Functional enrichment analysis of DEGs
Functional enrichment analysis revealed the potential mechanisms of the DEGs union between normal group and cancer group of three patients in the development of cervical cancer. GO analysis is associated with cellular component (CC), molecular function (MF) and biological process (BP). It was indicated that the incidence of malignant cervical tumor could be attributed to extracellular matrix, angiogenesis and circulatory system process (Fig. 2A). DisGeNET database contains a collection of genes associated with abundant human diseases. The results showed that 2357 DEGs (including 875 up-regulated DEGs and 1482 down-regulated DEGs) were more likely to generate tumor angiogenesis, systemic scleroderma and malignant neoplasm of thyroid (Fig. 2B). KEGG database reflected the reaction network of molecules and pathways of diseases. We found that PI3K-Akt signaling pathway, calcium signaling pathway, neuroactive ligand-receptor interaction, cell cycle and focal adhesion may participate in the occurrence and progression of cervical cancer (Fig. 2C). Changes in extracellular matrix organization and cell cycle checkpoints were the two most important processes associated with cervical tumors on the basis of Reactome database (Fig. 2D).

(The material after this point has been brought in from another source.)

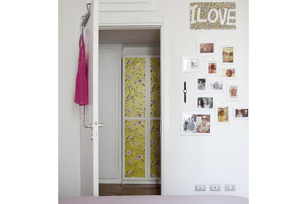 L’idea di tappezzare una stanza o una parete, a volte ci frena un po’. Ma non sottovalutiamo l’idea di trasformare piccoli oggetti come ha fatto Antonella a casa sua. Per esempio si è “inventata” quello che sembra un armadio a muro nel corridoio rivestendo solo le ante.
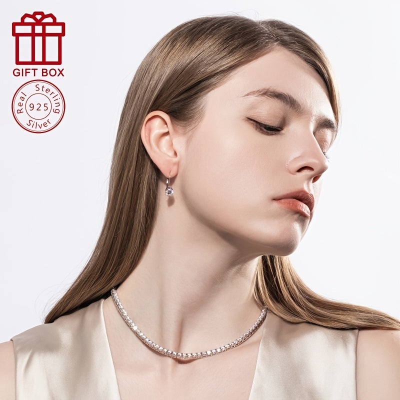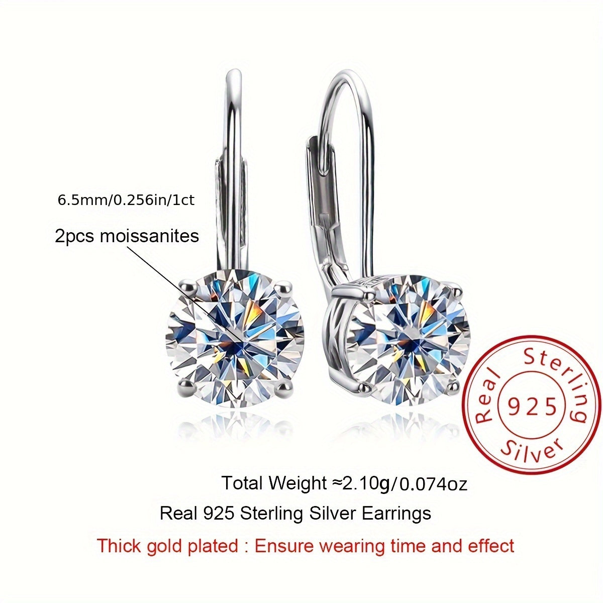 Роскошные и элегантные, эти великолепные серьги изготовлены из серебра 925 пробы и украшены ослепительным камнем моиссанит. Гипоаллергенные и легкие, весом примерно 2,1 г, они станут идеальным подарком для стильной девушки, которая любит сверкать.

Figure 2: Functional enrichment of DEGs.
(A) GO enrichment analysis of all the DEGs. (B) DisGeNET enrichment analysis of all the DEGs. (C) KEGG enrichment analysis of all the DEGs. (D) Reactome enrichment analysis of all the DEGs.The expression levels of selected DEGs in public database
The TCGA program is the largest public database of cancer genetic information worldwide. The database provides multi-omics hereditary information of cancer patients. The GTEx project collected the sequencing data of healthy human donors. In this study, we focused only on the transcriptomic information of 10 selected DEGs to verify their expression levels in a larger population. All the selected genes (including APOD, MASP1, ACKR1, C1QTNF7, SFRP4, HSPB6, GSTM5, IGFBP6, F10 and DCN) showed lower expression levels in cervical cancer samples, and these results were statistically significant (Figs. 3A–3J).
Figure 3: Comparison of the expression levels of selected DEGs between normal and cervical cancer samples in public databases.
(A) Comparison of APOD expression levels in public databases. (B) Comparison of MASP1 expression levels in public databases. (C) Comparison of ACKR1 expression levels in public databases. (D) Comparison of C1QTNF7 expression levels in public databases. (E) Comparison of SFRP4 expression levels in public databases. (F) Comparison of HSPB6 expression levels in public databases. (G) Comparison of GSTM5 expression levels in public databases. (H) Comparison of IGFBP6 expression levels in public databases. (I) Comparison of F10 expression levels in public databases. (J) Comparison of DCN expression levels in public databases. Statistical method was Mann-Whitney U test. Data was presented as Mean ± SEM.The diagnostic performance of selected DEGs in public database
To assess the performance of these selected DEGs as biomarkers, ROC curves were generated to measure the AUC values. All the AUC values exceeded 0.90, which meant that the selected DEGs have chances to function as excellent diagnostic biomarkers (Figs. 4A–4J). In particular, the AUC values of MASP1, GSTM5 and C1QTNF7 were 0.998, 0.998 and 0.997, respectively (Figs. 4B, 4G, 4D). Other DEGs whose AUC values were greater than 0.99 included APOD, HSPB6, F10 and DCN (Figs. 4A, 4F, 4I, 4J).
Figure 4: The ROC curves of selected DEGs in public databases.
(A) The ROC curve of APOD in public databases. (B) The ROC curve of MASP1 in public databases. (C) The ROC curve of ACKR1 in public databases. (D) The ROC curve of C1QTNF7 in public databases. (E) The ROC curve of SFRP4 in public databases. (F) The ROC curve of HSPB6 in public databases. (G) The ROC curve of GSTM5 in public databases. (H) The ROC curve of IGFBP6 in public databases. (I) The ROC curve of F10 in public databases. (J) The ROC curve of DCN in public databases.Survival analysis of selected DEGs in the TCGA program
Survival analysis was performed according to the OS time. The groups were divided by the median expression value of each target gene (Figs. 5A–5J). Only the expression levels of APOD, ACKR1 and SFRP4 contributed to the variation in OS. Patients who had higher expression of APOD, ACKR1 and SFRP4 might have a longer survival time (Figs. 5A, 5C, 5E).
Figure 5: Survival analysis of selected DEGs in public database.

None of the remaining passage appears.